**BRIEF**
Please give back, exactly as written, the lines from the line with "Sunday we were" to the line with "Cama muebles de" in the listing below, leaving out all pictures.

BEGIN

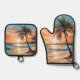 Palm Tree On Tropical Beach At Sunset Oven Mitt & Pot Holder Set
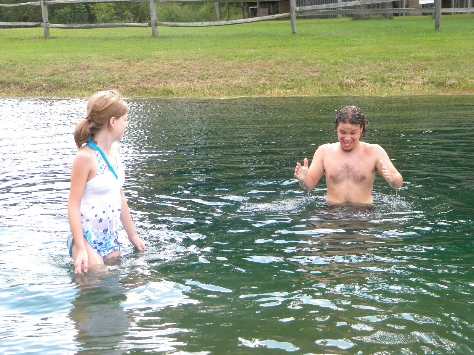 Sunday we were ready to hit the road again, when the RV decided to quit taking gas. Just like that. We found a campground nearby and prayed that we had enough gas to get there. We did, and the people who owned the RV Park were so nice, they found a mechanic on a Sunday, to come and help us with the gas tank. God bless them. A man came around not 2 hours later to fix it up, and bring us to the gas station and try it out. It started taking gas again, not as fast as normal, but we were just grateful that it was. We ended up spending the day and night in Leslie Michigan, there was a pond that Justin and Kyrsten swam in, and we all had the opportunity to take an outdoor shower ☺ that was interesting…
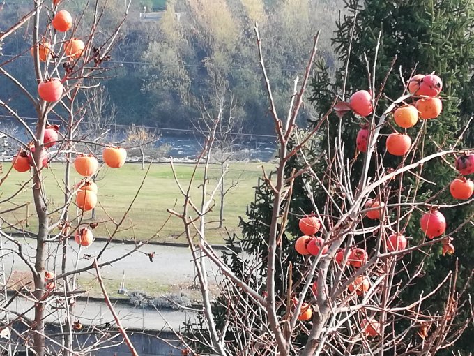 Хурма на деревьях без листьев казалась елочными шарами.. Так ярко эти фрукты выделялись на общем фоне
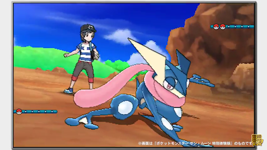 Ash-Greninja será un Pokémon obtenible en el demo de Pokémon Sun & Moon y lo podremos llevar al juego completo una vez que éstos sean lanzados. La nueva forma de Greninja tiene su origen en un antigua leyenda de la región de Kalos, misma que menciona un lazo tan fuerte entre entrenador y Pokémon que los corazones de ambos llegaron a sincronizarse y Greninja pudo cambiar de forma durante los combates.
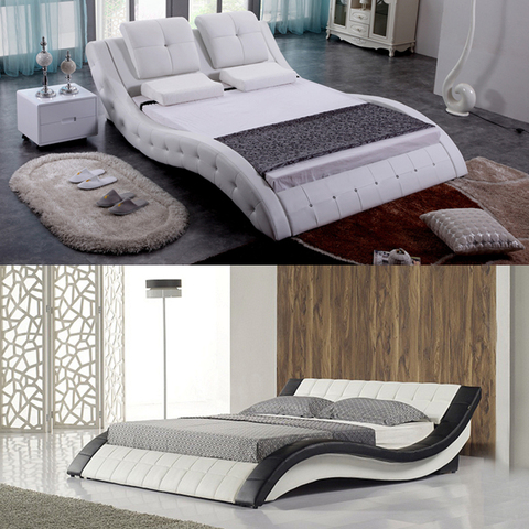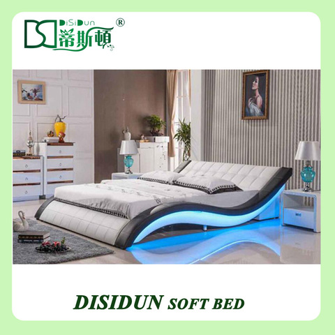 Cama muebles de dormitorio moderno cama de cuero con LED
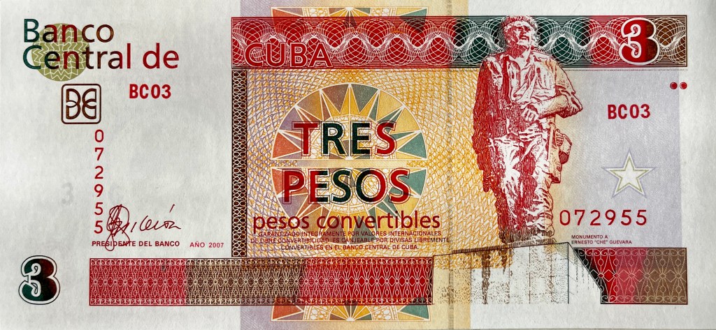 As of July 21, 2021 the convertible peso (CUC), became obsolete and was no longer issued or accepted by businesses. Thus, the Cuban peso (CUP), prevailed as the sole currency of the nation. One of the telling differences between the regular and convertible pesos are the subjects they feature; portraits of various political, cultural and intellectual figures are seen regular pesos whereas statues of these very figures adorn the convertible pesos. One such figure is Ernesto Guevara, or more commonly known as “Che Guevara” or simply “El Che” who appears on the 3 denomination notes, the main subject of this post.
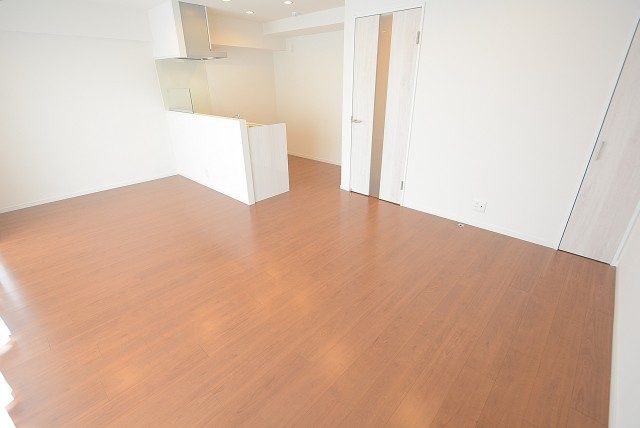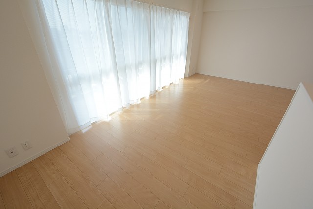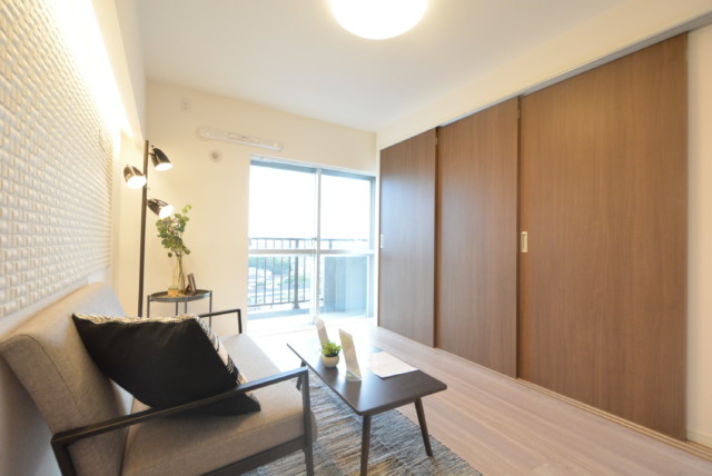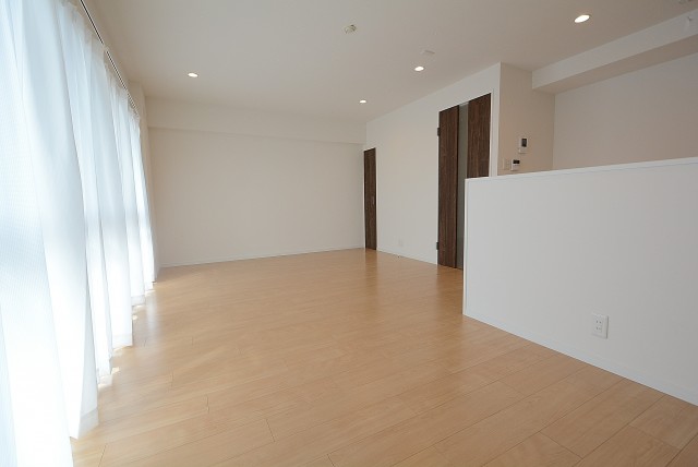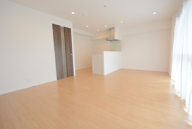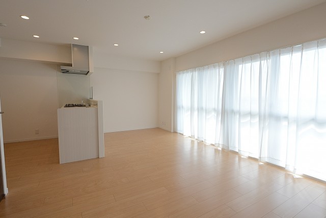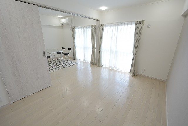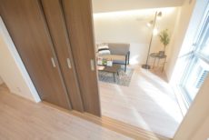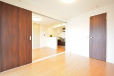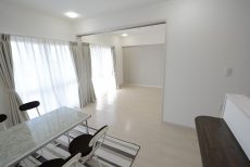 こちらは約9.1帖のリビング・ダイニング・キッチン+約5.8帖の洋室。仕切り戸を開けて2部屋をつなげた様子です。もちろん別々に使う事も出来ますが、ライフスタイルや状況に応じて選択肢が多いのは嬉しいですよね。南向きバルコニーに面した窓からの光が眩しいお部屋です。
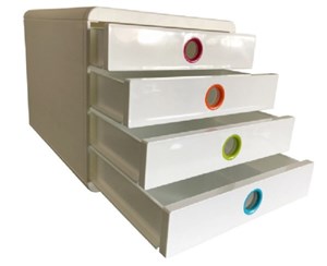 atraktivní box s duhovými detaily, umístění na stůl nebo zavěšení na stěnu, prostorné uzavřené lesklé zásuvky chrání dokumenty proti prachu a zachovávají důvěrnost, kombinovatelný s řadou Iderama, vhodný pro kanceláře, home office i školy, A4 maxi, rozměry 278 × 267 × h 347 mm, materiál PS, orientace na výšku, vkládání A4 kratší stranou, bílý korpus, 4 barevné zásuvky, lehký, odolný, stohovatelný, záruka 25 let
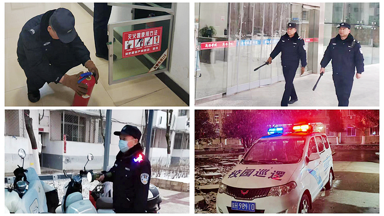 保衛(wèi)處:寒假期間,當(dāng)廣大師生和家人歡聚休息時(shí),新春佳節(jié),當(dāng)千家萬戶共享團(tuán)圓時(shí),為確保校園安全,全體保衛(wèi)干部職工和校衛(wèi)隊(duì)員毅然舍小家,顧大家,堅(jiān)守在各自工作崗位上,不懼風(fēng)雪,不畏嚴(yán)寒,以“時(shí)時(shí)放心不下”的情懷全力做好安全保衛(wèi)工作,確保校園安全穩(wěn)定,實(shí)現(xiàn)了“零發(fā)案”的目標(biāo),有效保障了全校師生度過了一個(gè)平安祥和的春節(jié)和假期。放假前,保衛(wèi)處專門下發(fā)通知,對學(xué)校寒假和春節(jié)期間安全保衛(wèi)工作進(jìn)行周密安排,要求校內(nèi)各單位認(rèn)真開展安全教育和安全檢查,切實(shí)落實(shí)各級安全責(zé)任,排除各種安全隱患,加強(qiáng)留校師生的安全管理,嚴(yán)格執(zhí)行帶班值班備勤制度,加強(qiáng)值班和信息報(bào)送,保證假期各項(xiàng)安保工作不間斷。假期當(dāng)中,保衛(wèi)處堅(jiān)持“預(yù)防為主,安全第一”原則,扎實(shí)開展校園及周邊安全檢查巡查,組織專人對各個(gè)重點(diǎn)區(qū)域開展安全隱患排查和執(zhí)勤守護(hù),按照“誰主管,誰負(fù)責(zé)”的原則督促相關(guān)單位及時(shí)整改存在問題,落實(shí)安全防范措施,嚴(yán)防各自工作區(qū)域、業(yè)務(wù)領(lǐng)域發(fā)生安全事故。保衛(wèi)處各警區(qū)和“校園110”堅(jiān)持24小時(shí)值班,隨時(shí)處置各類突發(fā)事件,監(jiān)控室對校園重點(diǎn)區(qū)域?qū)崟r(shí)進(jìn)行監(jiān)控,校衛(wèi)隊(duì)加強(qiáng)校門管控,各警區(qū)加大對校園的巡邏力度,寒假和春節(jié)期間校園安全穩(wěn)定和諧有序。
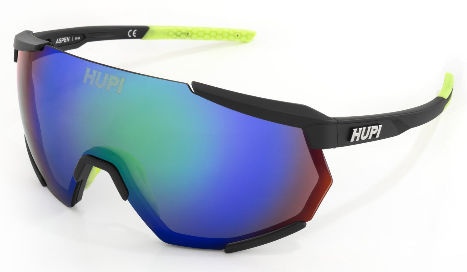 A linha de óculos de sol HUPI Aspen, com armação preta e lentes douradas, foi especialmente criada para atender às necessidades de ciclistas e corredores, unindo estilo moderno e funcionalidade.
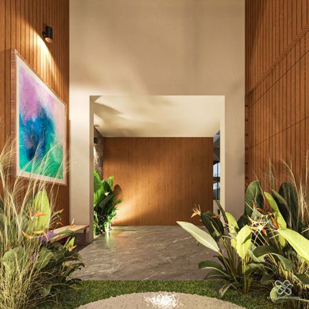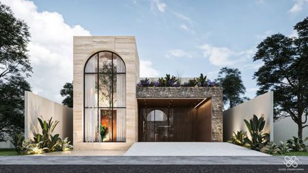 Residencia Balam combina un diseño contemporáneo con toques mediterráneos y un estilo Wabi Sabi. Se distingue por sus dobles alturas, curvas suaves, acabados en chukum y piedra natural, además de amplias jardineras que aportan vida a la fachada e interiores.
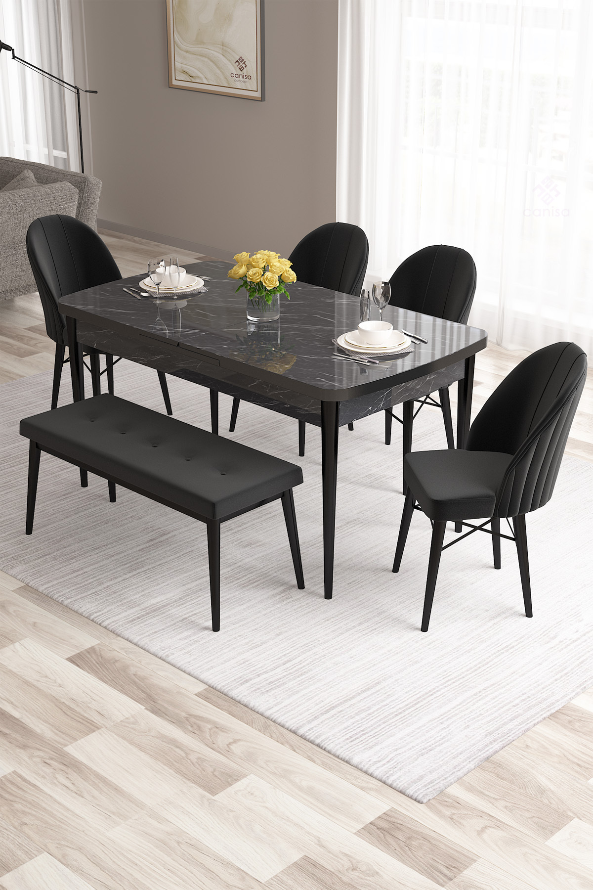 Via Serisi Açılabilir Mutfak Masası Takımı Siyah Mermer Desen Masa 4 Bordo Sandalye 1 Bench Via Serisi Açılabilir Mutfak Masası Takımı Siyah Mermer Desen Masa 4 Bordo Sandalye 1 Bench PRA-4678971-743759 تک سایز
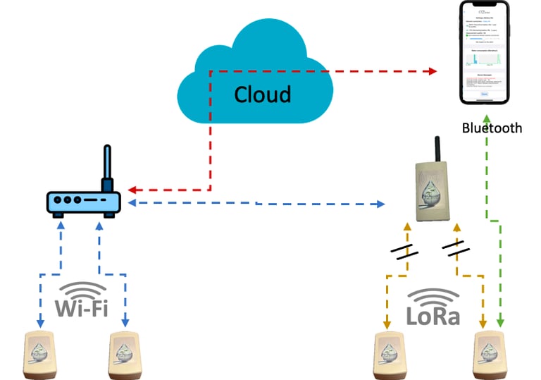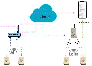 Proprietary LoRa radio protocol, optimized for multi-device management and energy efficiency

END

**RESPONSE TO THIS EXERCISE**
 Sunday we were ready to hit the road again, when the RV decided to quit taking gas. Just like that. We found a campground nearby and prayed that we had enough gas to get there. We did, and the people who owned the RV Park were so nice, they found a mechanic on a Sunday, to come and help us with the gas tank. God bless them. A man came around not 2 hours later to fix it up, and bring us to the gas station and try it out. It started taking gas again, not as fast as normal, but we were just grateful that it was. We ended up spending the day and night in Leslie Michigan, there was a pond that Justin and Kyrsten swam in, and we all had the opportunity to take an outdoor shower ☺ that was interesting…
 Хурма на деревьях без листьев казалась елочными шарами.. Так ярко эти фрукты выделялись на общем фоне
 Ash-Greninja será un Pokémon obtenible en el demo de Pokémon Sun & Moon y lo podremos llevar al juego completo una vez que éstos sean lanzados. La nueva forma de Greninja tiene su origen en un antigua leyenda de la región de Kalos, misma que menciona un lazo tan fuerte entre entrenador y Pokémon que los corazones de ambos llegaron a sincronizarse y Greninja pudo cambiar de forma durante los combates.
 Cama muebles de dormitorio moderno cama de cuero con LED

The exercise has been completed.